How to complete this task:
Reproduce exactly, and only, the lines of the material below running from the line bearing "Customisable New Orleans" through the line bearing "为迎接党的二十大胜利召开,引". Leave any pictures out.

Data under study:
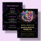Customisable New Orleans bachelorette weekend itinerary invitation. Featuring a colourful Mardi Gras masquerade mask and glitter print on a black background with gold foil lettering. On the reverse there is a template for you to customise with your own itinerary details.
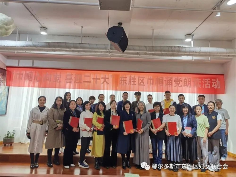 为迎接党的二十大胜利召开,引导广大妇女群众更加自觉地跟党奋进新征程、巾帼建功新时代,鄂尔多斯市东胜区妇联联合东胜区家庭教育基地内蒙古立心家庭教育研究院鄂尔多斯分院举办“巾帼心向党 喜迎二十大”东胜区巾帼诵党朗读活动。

---

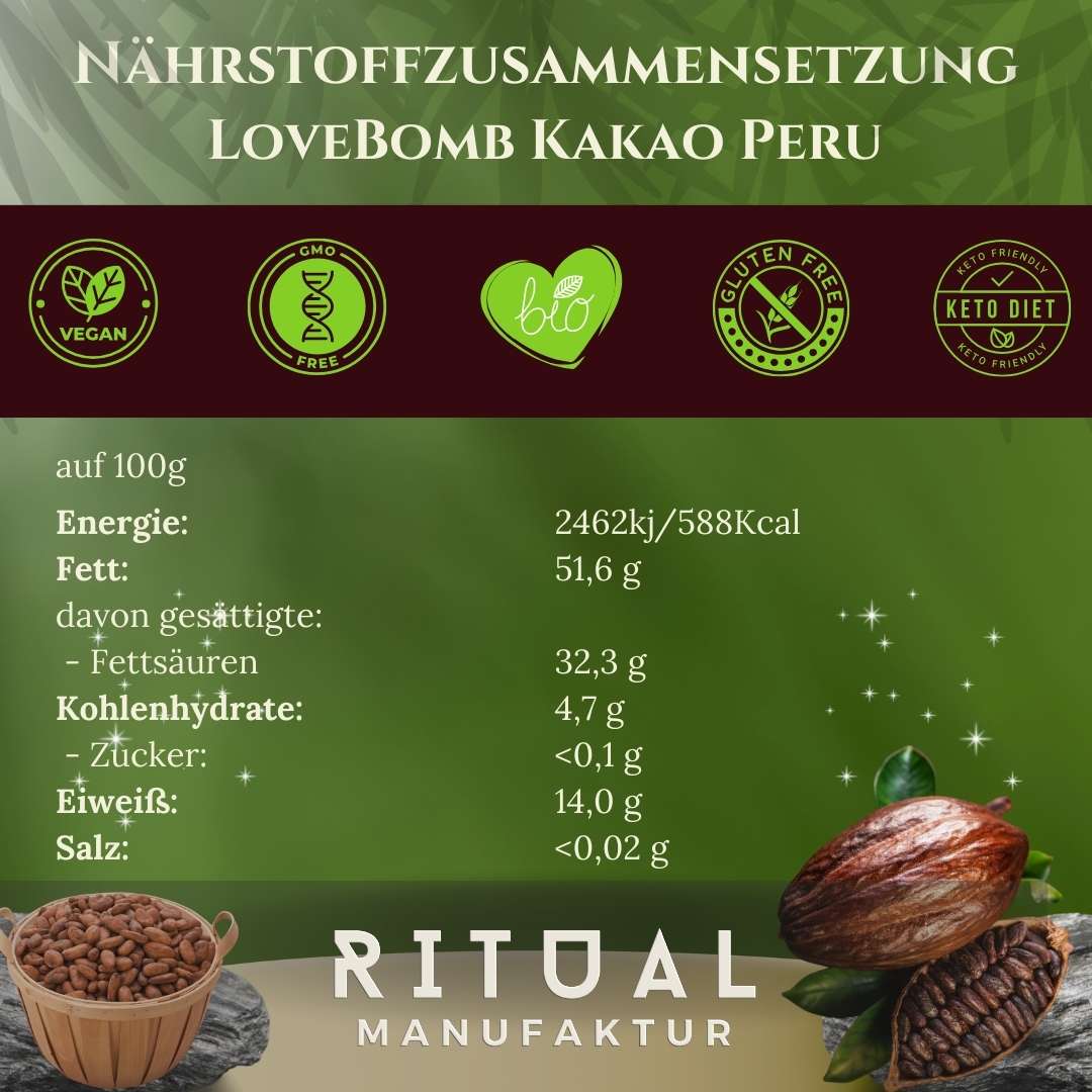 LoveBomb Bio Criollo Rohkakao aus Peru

Result below:
Customisable New Orleans bachelorette weekend itinerary invitation. Featuring a colourful Mardi Gras masquerade mask and glitter print on a black background with gold foil lettering. On the reverse there is a template for you to customise with your own itinerary details.
 为迎接党的二十大胜利召开,引导广大妇女群众更加自觉地跟党奋进新征程、巾帼建功新时代,鄂尔多斯市东胜区妇联联合东胜区家庭教育基地内蒙古立心家庭教育研究院鄂尔多斯分院举办“巾帼心向党 喜迎二十大”东胜区巾帼诵党朗读活动。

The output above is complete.